Anne-Christine Hoff was born in Baltimore, Maryland on December 16th, 1973. She is the second daughter of Austrian-born parents, Lisa Decristoforo Hoff and Gerhardt Michael Hoff. While living in Baltimore, Hoff’s father was an insurance executive, and her mother was a homemaker. In 1978, the family moved to Atlanta when her father’s company moved its offices to Atlanta, Georgia.

In Atlanta Anne-Christine attended Trinity Elementary School before transferring to The Westminster Schools, a private school in North Atlanta, in the sixth grade. At Westminster she swam competitively and edited the editorials section of the school newspaper. In 1985 her father resigned his position with Sun Life Insurance Company and returned to law school. After passing the bar, he began practicing law for a small Atlanta firm, and her mother founded Cities in Color, Inc, a travel guide book business, which she still owns today.

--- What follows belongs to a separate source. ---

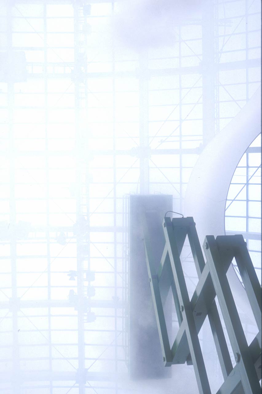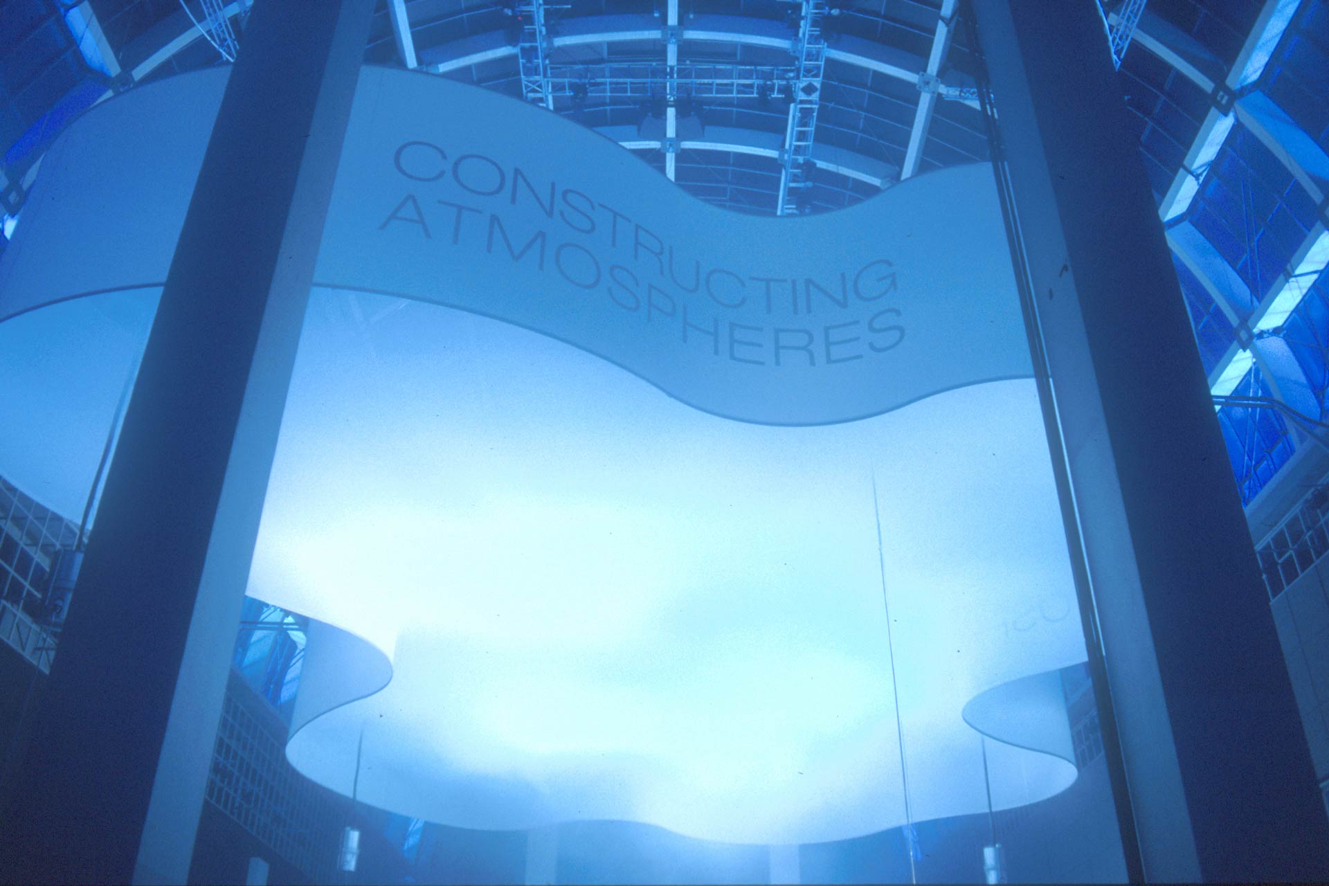 The objective was to create a stable indoor cloud as part of the show “Constructing Atmospheres” at the exhibition Light & Building / Aircontec 2002. Twice a day a several-hundred-cubic-meter-large cloud was generated from air layers of varying humidity and temperature inside the Galleria Frankfurt in a single-glazed linear atrium connecting wings of various exhibition spaces. By creating a stable temperature stratification within this large air volume, the induced saturated water vapor stayed within the given boundaries. At nightfall the Experimental Cloud has been transformed into an illuminated body hanging over the Cloud Club.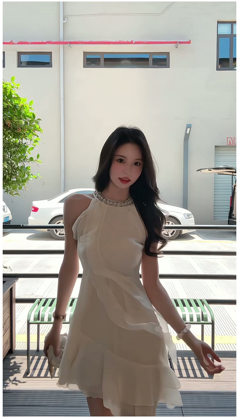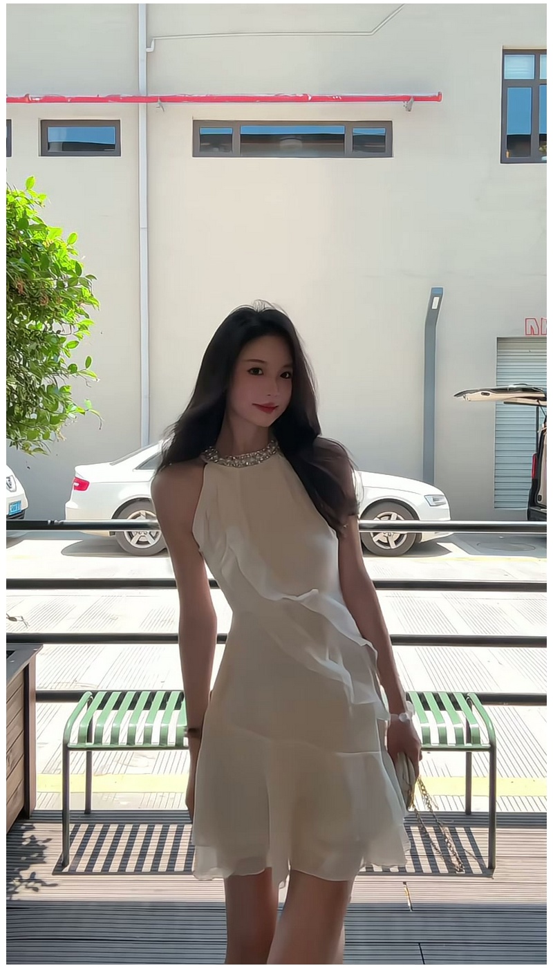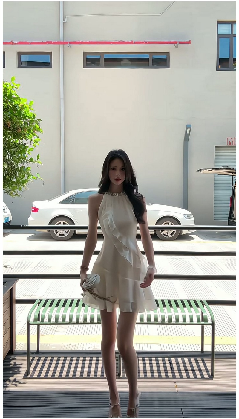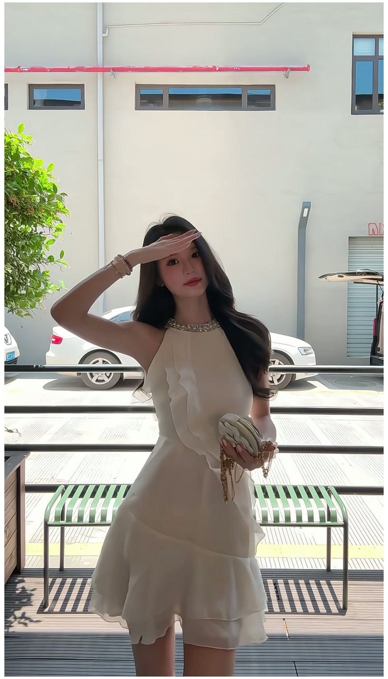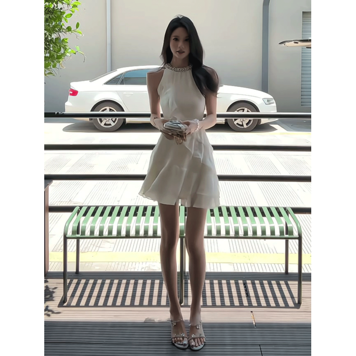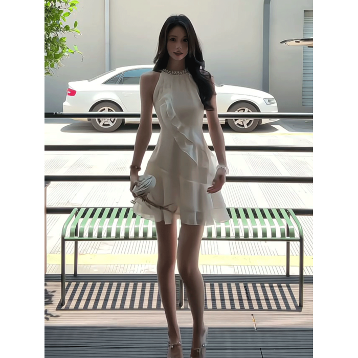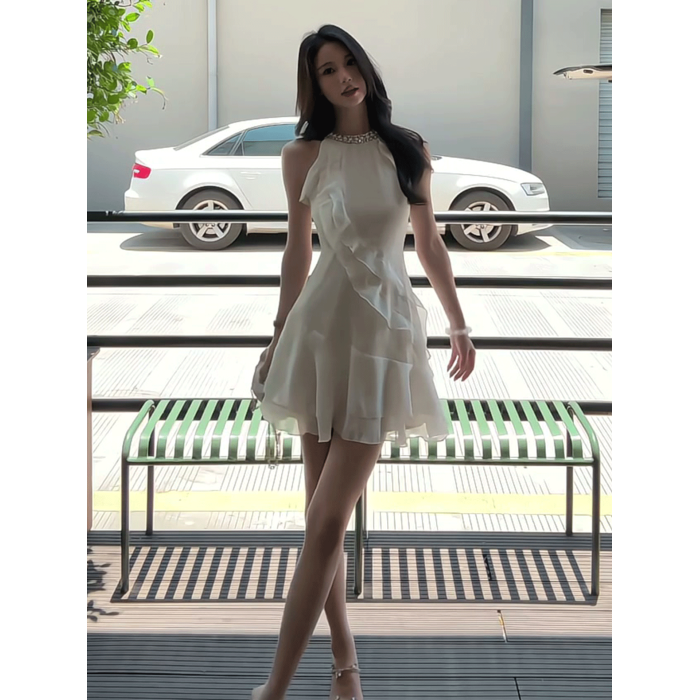 法式荷葉邊掛脖純欲性感連衣裙女夏季小個子甜美氣質收腰雪紡短裙

While attending Barnard College from 1991 to 1995, Hoff developed a keen interest in Italian literature and history. After completing her B.A, she worked briefly as a reporter for a weekly newspaper in Vidalia, Georgia, but small town life did not suit her, and the following fall she began an MA program in the Humanities at New York University. There she studied with comparative literature professors John Chioles and Richard Sieburth, and wrote her masters thesis on Ezra Pound's Salo Cantos. After receiving her M.A., she worked temporarily as a receptionist for the Knightsbridge Crown Courts in South London.

From 1998 to 2005, she was a Ph.D. candidate in English and creative writing at the University of Georgia, where she received her Ph.D. in August 2005. She is currently the managing editor of The New Humanist.com. She lives in Athens, Georgia, where she teaches composition and creative writing at the University of Georgia.